Выбрать главу

Как Есенину отвертеться от передовой, придумал Городецкий: пойти в санитары.

— Крови боишься?

— Нет, не боюсь.

— Тогда будем пробовать.

Надо было поторапливаться: 27 октября Есенина должны были призвать.

В начале октября Городецкий обратился к уполномоченному по полевому Царскосельскому военно-санитарному поезду № 143 её императорского величества государыни императрицы Александры Фёдоровны полковнику Дмитрию Николаевичу Ломану: есть тут у нас один удивительный юноша, жалко было бы загубить такой дар; не возьмёте ли вы его послужить в свой поезд?

Посредничество, однако, шло не только через Городецкого.

Другим человеком, просившим Ломана за Есенина, был… Григорий Распутин.

Сохранилась замечательная записочка Распутина Ломану: «Милой, дорогой, присылаю к тебе двух парешков. Будь отцом родным, обогрей. Робята славные, особливо этот белобрысый. Ей-Богу, он далеко пойдёт».

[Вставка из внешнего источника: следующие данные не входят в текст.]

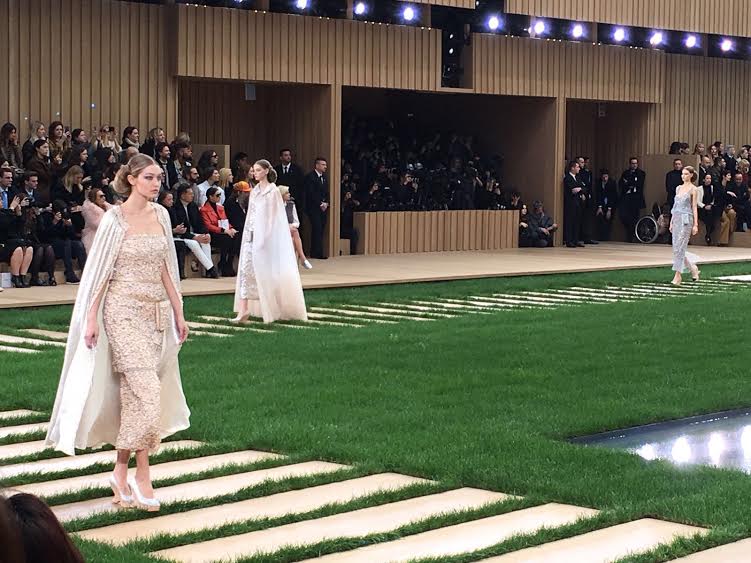 Αποκλειστική φωτογραφία από την couture πασαρέλα του οίκου Chanel για την Άνοιξη του '16, που εξασφάλισε η διευθύντρια σύνταξης του Madame Figaro, Βάσω Παπαγιαννακοπούλου, η οποία βρέθηκε στην επίδειξη στο Grand Palais.
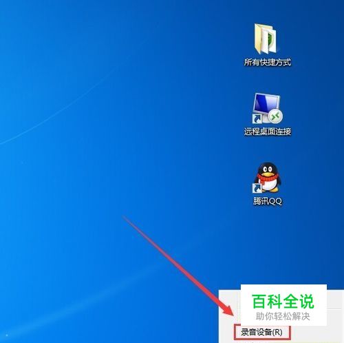 首先打开电脑之后,我们右键电脑右下角的音量图标,在弹出的选项中,我们点击“录音设备”选项 如图
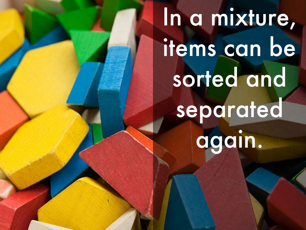 In a mixture, items can be sorted and separated again.
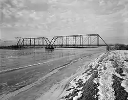 The ETR Big Island Bridge is a Pratt through truss bridge located near Green River, Wyoming, which carries Sweetwater County Road CN4-4 across the Green River. The bridge was built from 1909 to 1910 by contractor Charles G. Sheely. It was named the Big Island Bridge after the Big Island region of Wyoming, which the bridge connected to other parts of the state. The 352-foot (107 m), two-span bridge is one of the older Pratt through truss bridges in Wyoming, and its spans, each 155 feet (47 m) long, are some of the longest on bridges of this design in the state.[2]

Выходит, Есенин с Распутиным встречался — о чём никогда и словом не обмолвился.

Клюев с Распутиным встречался ранее. Скорее всего, участвуя наряду с Городецким в хлопотах о есенинской службе, Клюев сумел добиться ещё одной встречи с Распутиным. Едва ли общение было долгим. Стихи, быть может, прочитал — одно, два.

Но каков Григорий! Разглядел в «белобрысом» великую будущность. Оказался прозорливее и Горького, и Блока!

У Ломана был свой интерес.

Этот штаб-офицер для поручений при коменданте Царскосельского дворца, полковник лейб-гвардии Павловского полка, одновременно исполнявший обязанности церковного старосты Феодоровского собора, был не чужд искусствам и по-настоящему патриотичен.

Он выступил одним из организаторов влиятельнейшего Общества возрождения художественной Руси, целью которого был отказ от «иностранных заимствований» в пользу «русских образцов». Создание общества лично приветствовал Николай II, заявив о желании быть осведомлённым о его «трудах и успехах».

Распутин и Ломан встречались постоянно, имея общие интересы.

Намерения Ломана были очевидны: он желал иметь возможность влияния на царскую фамилию и русифицировать культурную политику империи. Распутина он видел своим союзником.

Два «парешка» пришлись кстати.

Ломан принял Клюева с Есениным. Гости ему приглянулись.

Сын Ломана вспоминал, что Есенин был «в канареечного цвета рубахе и русских цветных сапогах на высоченном каблуке».

* * *

10 декабря 1915 года в Петрограде в зале дома Общества гражданских инженеров на Серпуховской, дом 10, состоялся первый совместный концерт Есенина и Клюева.

Вступительное слово прозаика Иеронима Ясинского прозвучало не без двусмысленности: «Мужественнее и грознее муза Клюева, женственнее и нежнее муза Есенина. Они точно представляют собой мужское и женское народной души в её поэтических проявлениях… Поэтическая душа Клюева подобна вулкану, который вот-вот изойдёт лавой, но только таинственно бушует и рокочет под крышкой своего кратера; а душа Есенина — цветник благоухающих русских цветов».

Не знаем, осмысленно ли Ясинский предоставил чересчур много возможностей для широкого толкования сказанного им; но, кажется, Клюеву это выступление понравилось больше, чем Есенину.

К тому же Ясинский был не вполне прав.

В стихах Клюева часто слышалось причитание, жалобное и тяжёлое, почти женское, а в Есенине — как раз напротив, мальчишеская хрипотца:

…Я одну мечту, скрывая, нежу,

     Что я сердцем чист.

Но и я кого-нибудь зарежу

     Под осенний свист.

И меня по ветряному свею,

     По тому ль песку,

Поведут с верёвкою на шее

     Полюбить тоску…[5]

Какая уж тут «женственная муза»!

Сцену Клюев и Есенин, несмотря на прошлый провал, снова оформили под сельский двор. Чем-то они напоминали героиню одного чеховского рассказа, развесившую в гостиной вилы и грабли, — так «народней». И остаётся только удивляться, насколько действительно деревня была далека от города, если сцену, с целью привлечь и удивить горожан, украшали подобным образом.

Оделись поэты в поддёвки и лакированные сапоги бутылками.

В зале, вспоминал мемуарист Лев Клейнборт, было множество «каких-то девиц и молодых людей».

Он же отметил: «…Есенин-чтец ещё не достигал той музыкальной силы выражения, какая у него была впоследствии. Но чтение шло от естества, стихи их покоряли всех. И лица их светились сознанием своего значения».